Applicator count (per session)

The number of distinct applicators or transducers used during a single session. Ultherapy Prime typically uses three transducers (1.5mm, 3mm, 4.5mm); Sofwave uses one SUPERB transducer; Thermage FLX uses one Total Tip 4.0 (or area-specific tip); Shurink uses two to three transducers; Doublo uses two to three. The count alone does not determine quality, but it does correlate with depth coverage. (Tip: a one-applicator session is not automatically inferior — Sofwave's parallel-beam geometry covers more area per shot than a focal-point applicator.) See also: transducer, SUPERB transducer, line count.

B — Blinded trial, Broad indication overlap

Section B covers two terms anchored in study methodology and FDA-clearance language.

Blinded vs open-label

In a blinded trial, the patient (single-blind) or both patient and assessor (double-blind) do not know which treatment was delivered. In an open-label trial, everyone knows. Most aesthetic device studies are open-label or single-blind on the assessor side, since fully blinding a patient to a treatment they can feel is hard. (Tip: blinded photography assessment by an independent reviewer is the gold standard claim — when you see "blinded photographic evaluation" in a study summary, it is more credible than self-reported satisfaction scores.) See also: against-placebo design, real-world satisfaction, sponsor disclosure.

Broad indication overlap

When two devices share FDA clearance for the same anatomical indication — for example, both Ultherapy and Sofwave are FDA-cleared for brow lift, neck lift, and submental lift, but the mechanism reaching that result is different. Indication overlap does not mean the devices produce identical results or are interchangeable in protocol. (Tip: indication overlap is the marketing department's friend — it lets a clinic legally describe Sofwave as "FDA-cleared for the same areas as Ultherapy" while leaving the depth and mechanism conversation for later.) See also: FDA clearance, on-label vs off-label, primary endpoint.

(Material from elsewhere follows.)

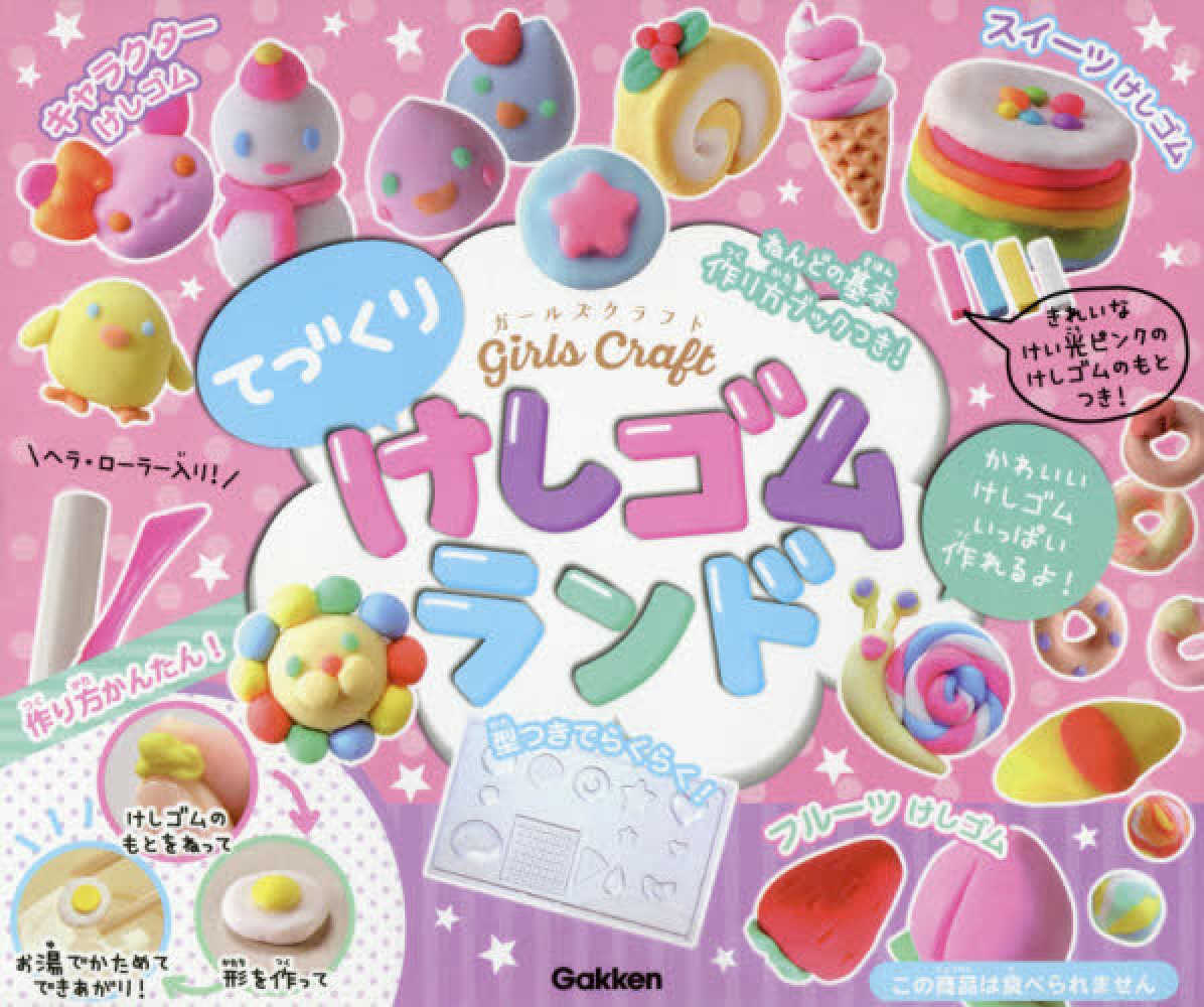 けしごむのもとをねって、かたちを作ってかためれば、あなただけのオリジナルけしゴムがいっぱい作れちゃうよ!スイーツや果物、動物やかわいいキャラクターの作り方がたっぷり載った冊子と、かんたんに作れる型がついてくる。

C — Cost tier, Combination protocol, Comparative methodology, Contact pressure feedback

Section C covers four cross-device terms that consistently come up in package conversations.

Cost tier (cross-device)

The relative pricing band of a treatment, usually expressed as $ / $$ / $$$ in editorial copy. In Korean clinic markets the rough order is Doublo and Shurink at the budget tier, Sofwave at the mid tier, and Ultherapy Prime and Thermage FLX at the premium tier. The same patient may receive any of these for the same indication. (Tip: cost tier correlates more with consumables and licensing than with actual energy delivered — a budget HIFU at full line count can deliver more total joules than a premium MFU at "light" packaging.) See also: line count, device generation, real-world satisfaction.

Combination protocol

A treatment plan that uses two or more energy modalities in a single session or sequenced over several weeks — for example, MFU at the SMAS plus monopolar RF at the volumetric dermis, or Sofwave at the mid-dermis plus Thermage FLX at the deeper RF column. The categorical reasoning is that the modalities are complementary rather than competitive. (Tip: most experienced Gangnam practitioners run combination protocols rather than single-device protocols — when a clinic offers only one device, ask why.) See also: device sequencing, complementary not competitive.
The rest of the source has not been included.